Features missing that may be added soon:

  • Rate limiting/freemium-ness. Full discloure: I built this for me, and I'd be happy to share, but I don't want to run up a big bill. There might be some mechanism like allowing GitHub Sponsors to use it.
  • API Changes, including URL scheme changes. Existing URLs might break. At time of writing this has been up for all of a day. There's no API versioning - which means it's a very unstable "v0".
  • Caching/better CDN usage. The implementation is laughably inefficient, and hits multiple GitHub APIs and extracts a whole zip file, to serve every individual request.
  • Anonymous mode - for public repositories, allow unauthenticated users to view artifacts.
  • A GitHub Action.
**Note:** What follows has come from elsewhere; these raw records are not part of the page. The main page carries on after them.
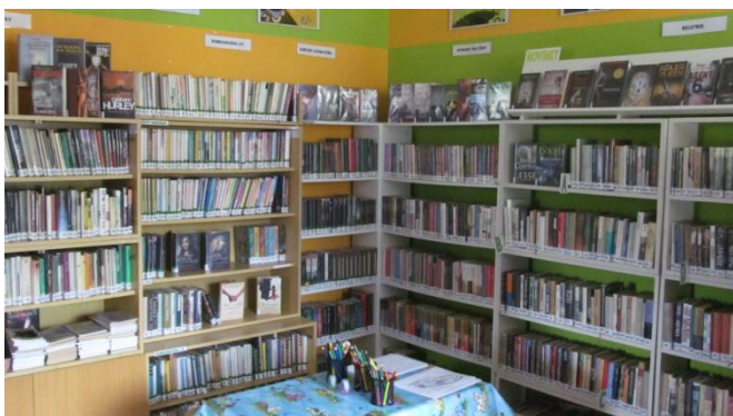
Obecní knihovna Bohuslavice nad Vlčí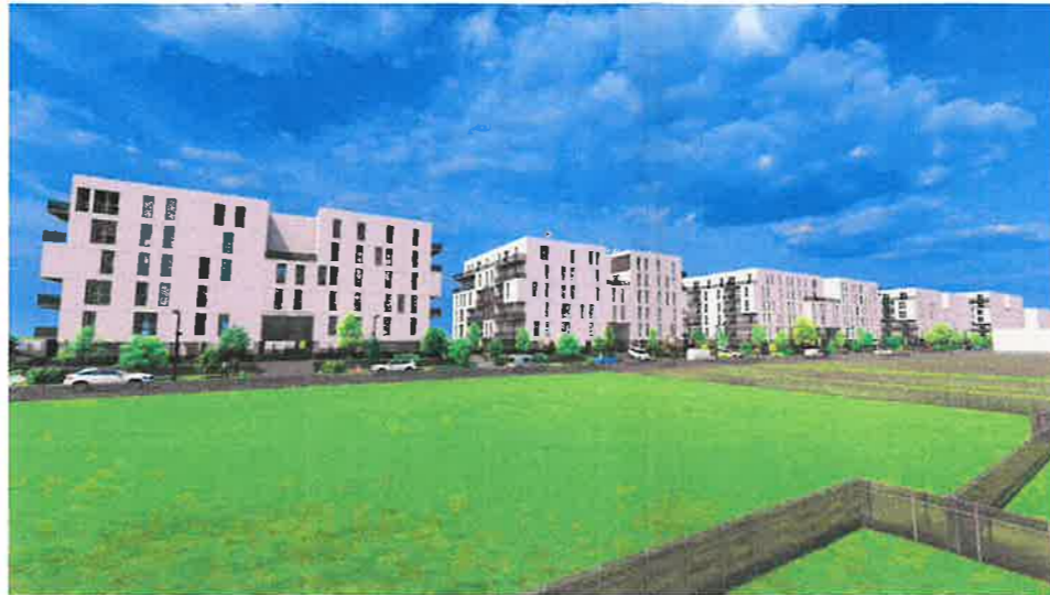
PERSPECTIVA AERIANA LATERALA ELEVATII STRADA PROPU SA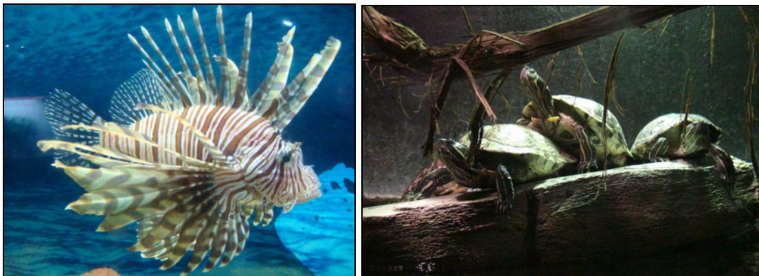
Figuras 7 y 8. El pez león y las tortugas de orejas rojas también conocidas como “japonesas” son especies invasoras que afectan los ecosistemas nativos en México

Asimismo, existen otras amenazas relacionadas e importantes, como por ejemplo los posibles grandes daños económicos a la agricultura, consecuencia de la introducción de especies no nativas y enfermedades por medio del transporte de especies exóticas hacia o a través de un país. Esto puede ocasionar la disrupción significativa de ecosistemas, lo que también puede traer enormes impactos sociales y económicos a los países y las localidades involucradas.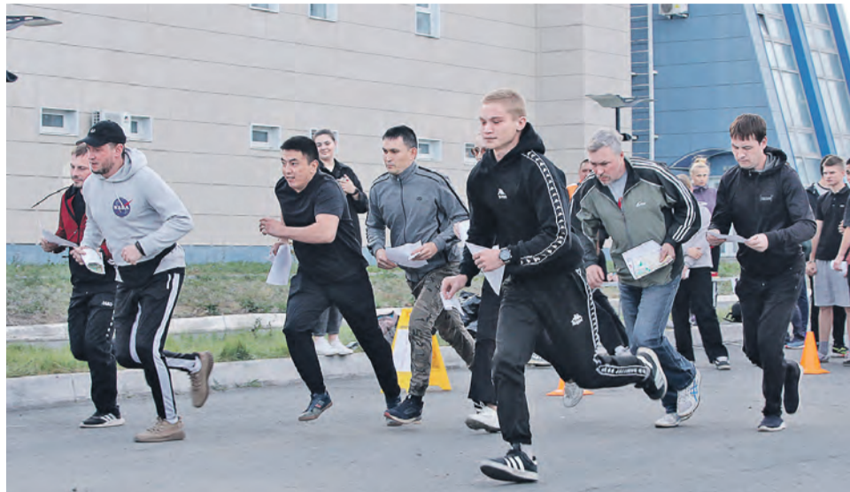
▲ Маршрут спортсмены выбирали сами. Чтобы добраться до финиша, победителю хватило неполных 23 минут

Каждую осень металлурги выходят на тропу для спортивного ориентирования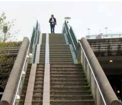
Jernbanestasjonen i Stavanger: Velkommen til en luftig opplevelse :) Parkeringsanlegget er opp her...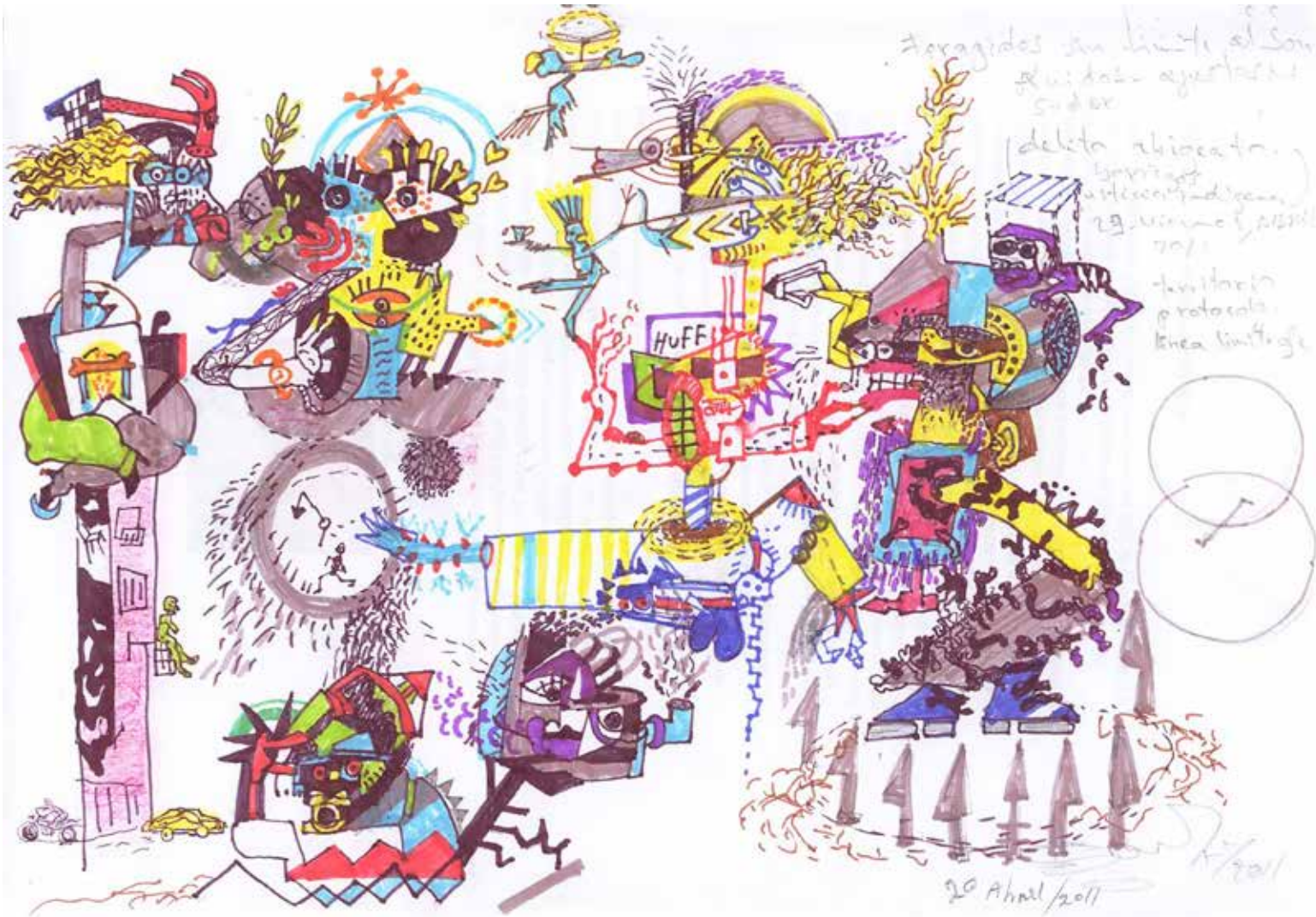
10 Loco, Marca Tu Territorio. Grafito y marcadores sobre papel 210 X 297 Mm.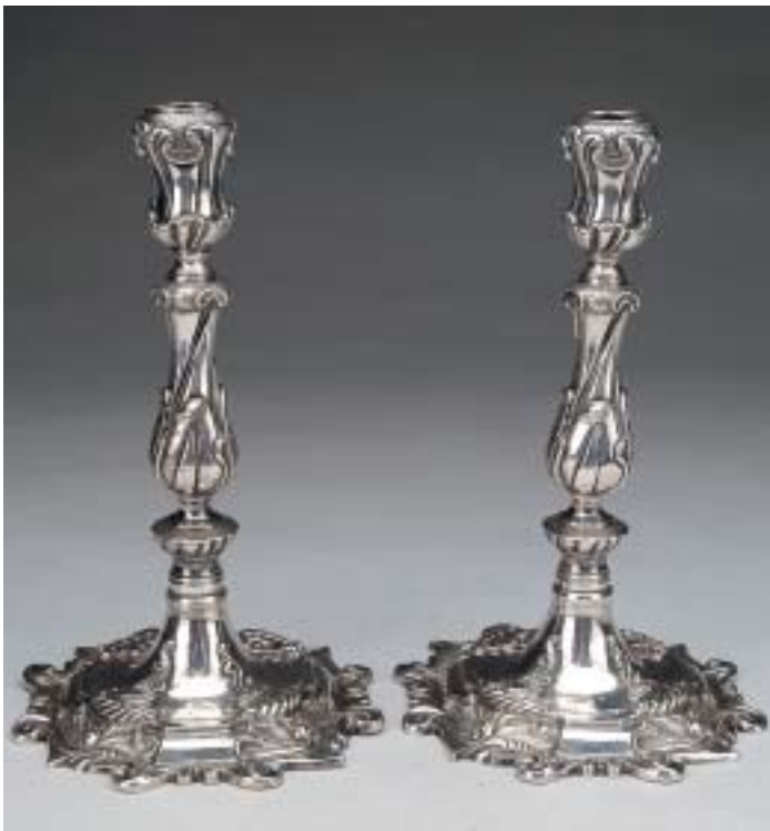
746 PAR DE CASTIÇAIS, D. José, prata, sem marcas, portuguesas, séc. XVIII, sem arandelas; Dim. - 21 cm Peso - 1.024 grs. €1.200 - 1.800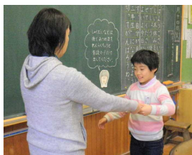
書き二 表初 彰年 め生 で展 すの ね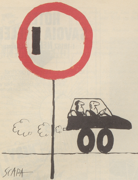
Die «sichere» Geschwindigkeit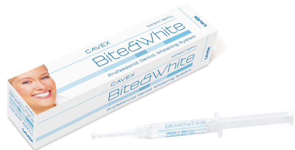
Cavex Bite&White Refill (recharge) (n° art BW010)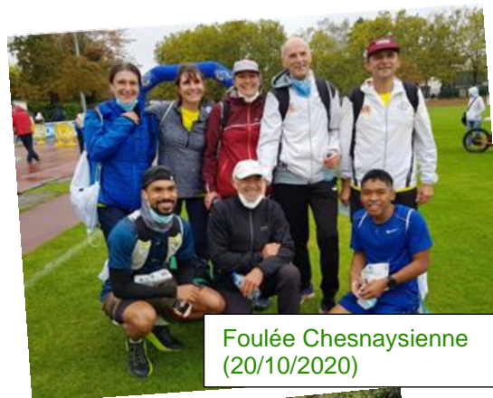
Foulée Chesnaysienne (20/10/2020)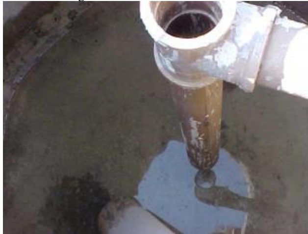
Figura 2: Detalhe interno do RAC.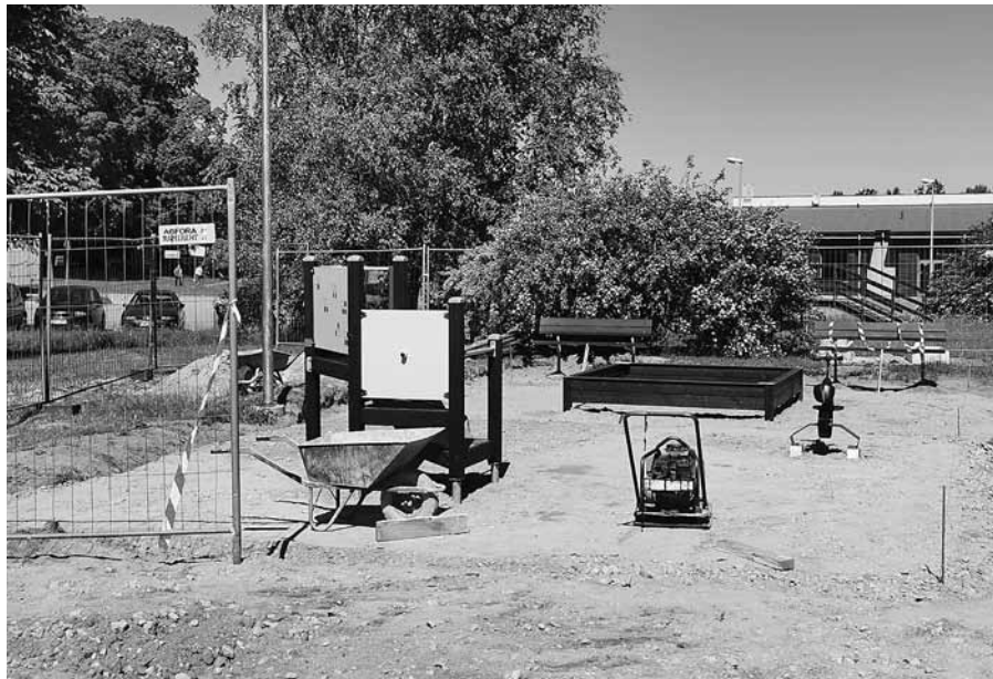
Visos trijos jaunajos bērnu laukumos Piltenes ielas mikrorajonā iekārtas jau uzliktas, segumam tiks izmantotas šķembas, ģeotekstils un gumijas flīzes.

Tā sauktajā Kurzemītes daudzdzīvokļu māju rajonā Kuldīgā sāka rotaļu laukumu atjaunošana. Tiks ierīkoti trīs: Gaismas ielā 1a , Gaismas ielā 9a un Skuju ielā 2 . Būvdarbu izmaksas – 50 523 eiro.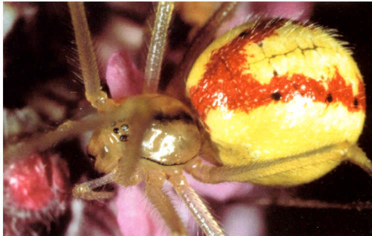
Abb.9: Enoplognatha ovata .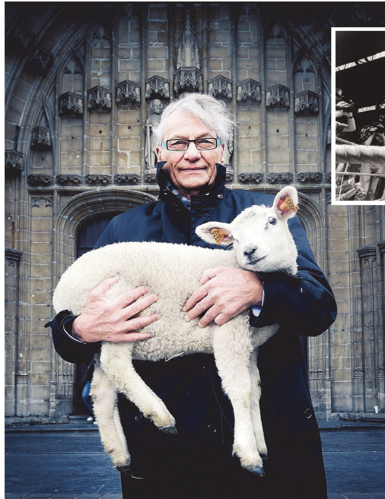
Jan Hoet was de ideale man om kunst te populariseren, al genoot hij gaandeweg iets te veel van zijn BV-status.

Met zijn charisma en humor was Hoet jarenlang de ideale man om kunst te populariseren, al genoot hij gaandeweg ook wel iets te veel van zijn BV-status. Als curator-directeur gaf hij jonge kunstenaars als Fabre of Wim Delvoye bovendien een enorme duw in de rug, terwijl hij jarenlang vocht voor het S.M.A.K. in Gent, een museum dat er een kwarteeuw later nog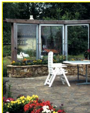
Protection contre le vent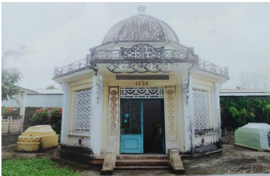
Nhà bao che mộ Chung Bá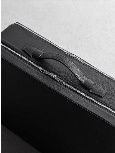
Reisekoffer SUIT-CASE, Design in Kooperation mit Sir David Chipperfield, Rindleder, 2020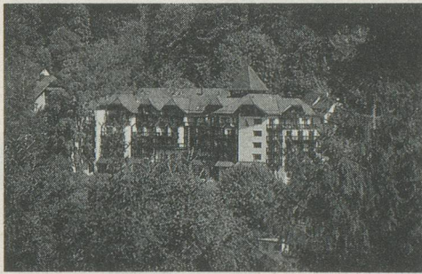
Le Schwarzwald Kulm Hôtel à Bad Herrenalb: un palace à l'orée de la grande forêt.

This would just be a very thin wrapper for actions/upload-artifact and echo 'https://mmkal.com/...', but could do stuff like writing to $GITHUB_STEP_SUMMARY too.
  • Switch to https://authjs.dev (opens in a new tab)
  • More recipes. My first use case for this was playwright test reporting, but there are plenty of other recipes that would be useful too:
    • deno test
    • bun test
    • java testing?
  • An autoinstaller. Sign in, select a repo, and a pull request to add the artifact viewer to all workflows that use upload-artifact is opened.